**Exercise objective:**
Go through the data below and copy it exactly, skipping every picture.

**Material provided:**
***

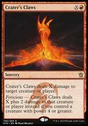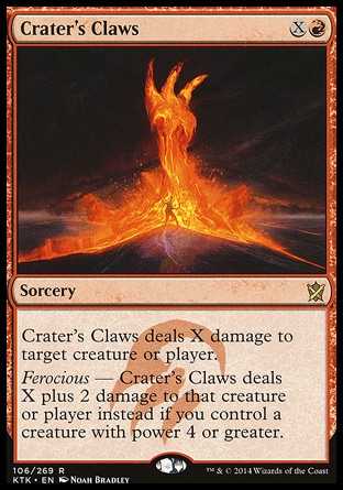| Card Text | Crater"s Claws deals X damage to target creature or player. Ferocious - Crater"s Claws deals X plus 2 damage to that creature or player instead if you control a creature with power 4 or greater. |
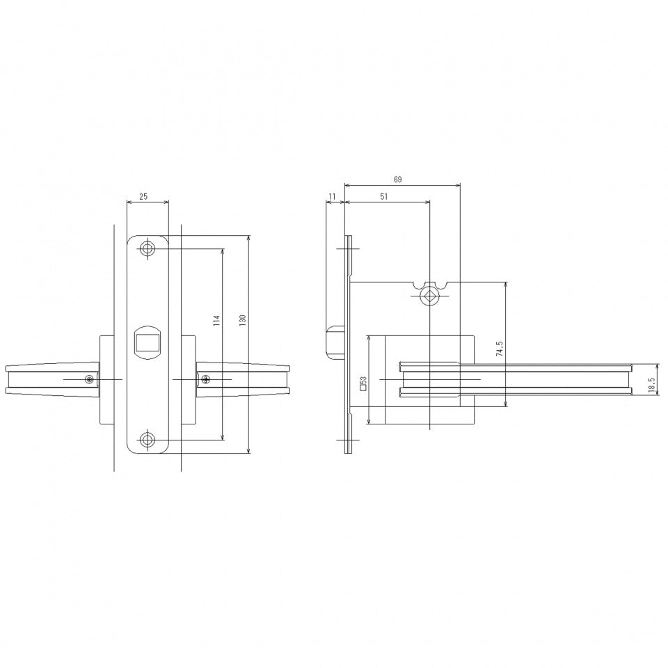河淳製のレバ―ハンドルセットです。レギュラー品の錠ケースとは互換性はなく、ドアに専用の切り欠き加工が必要です。こちらはレバーハンドルと錠ケースのセットです。
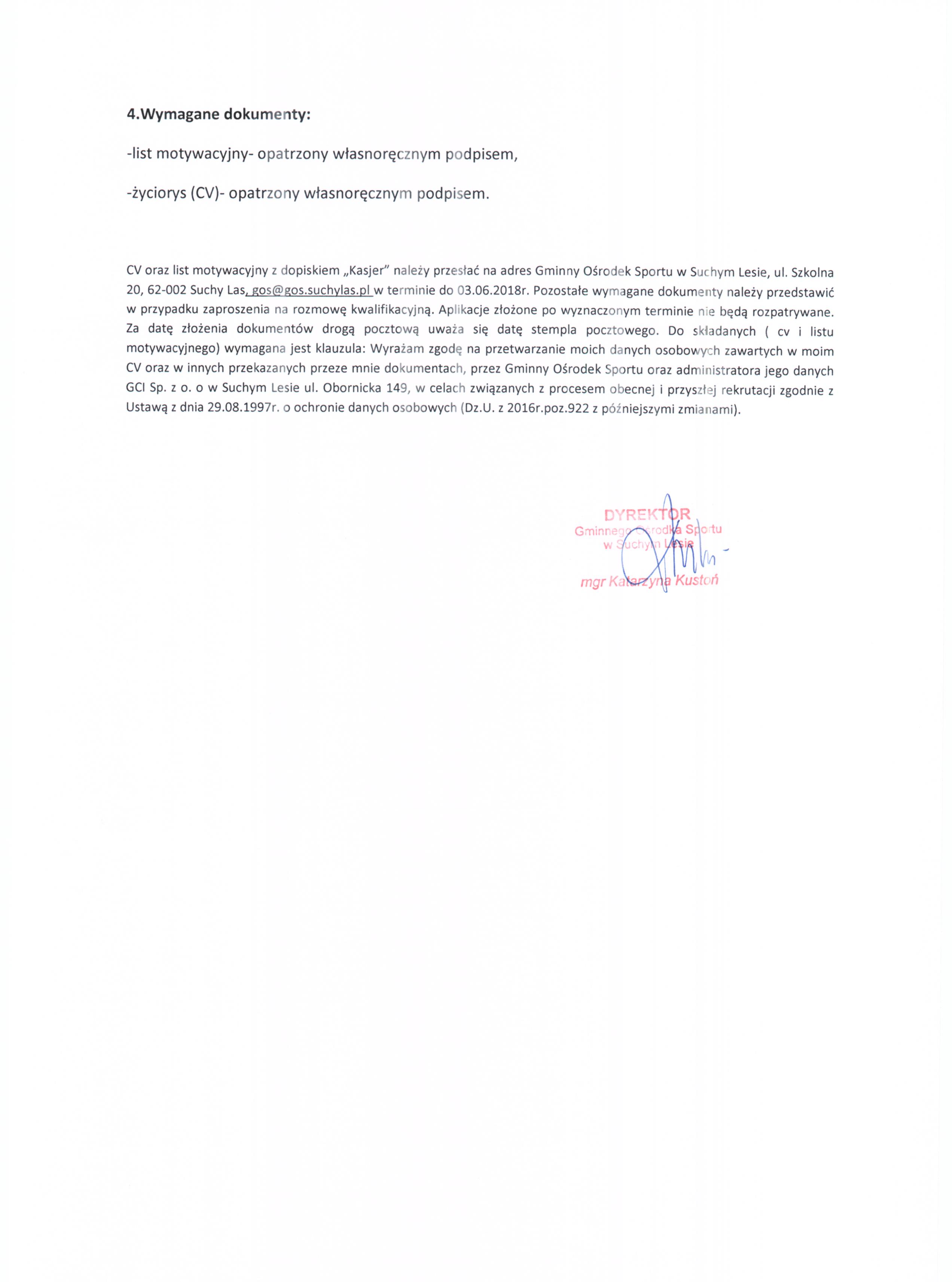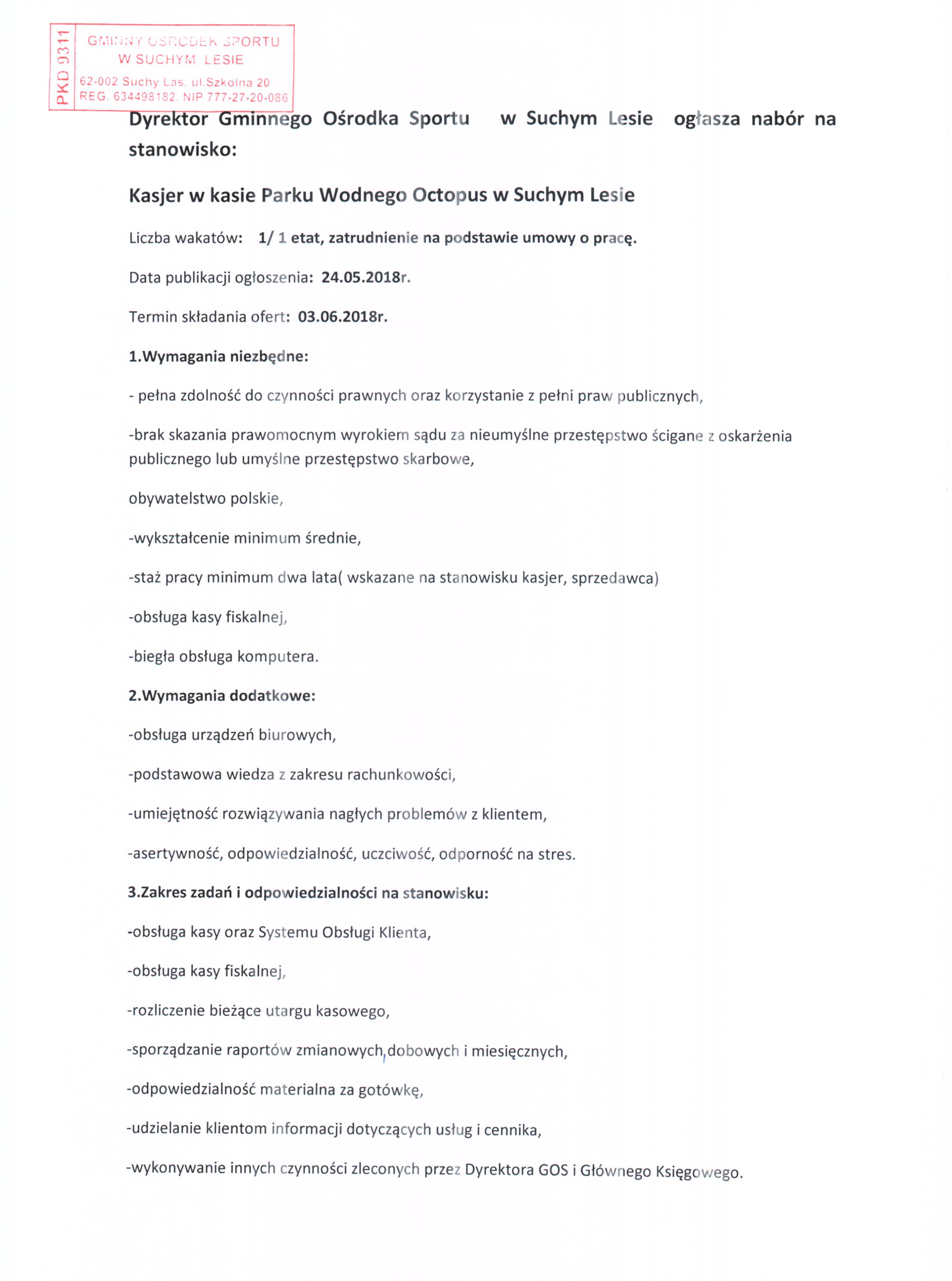 Nabór na stanowisko: Kasjer w kasie Parku Wodnego Octopus

***

**Result for this exercise:**
| Card Text | Crater"s Claws deals X damage to target creature or player. Ferocious - Crater"s Claws deals X plus 2 damage to that creature or player instead if you control a creature with power 4 or greater. |
河淳製のレバ―ハンドルセットです。レギュラー品の錠ケースとは互換性はなく、ドアに専用の切り欠き加工が必要です。こちらはレバーハンドルと錠ケースのセットです。
 Nabór na stanowisko: Kasjer w kasie Parku Wodnego Octopus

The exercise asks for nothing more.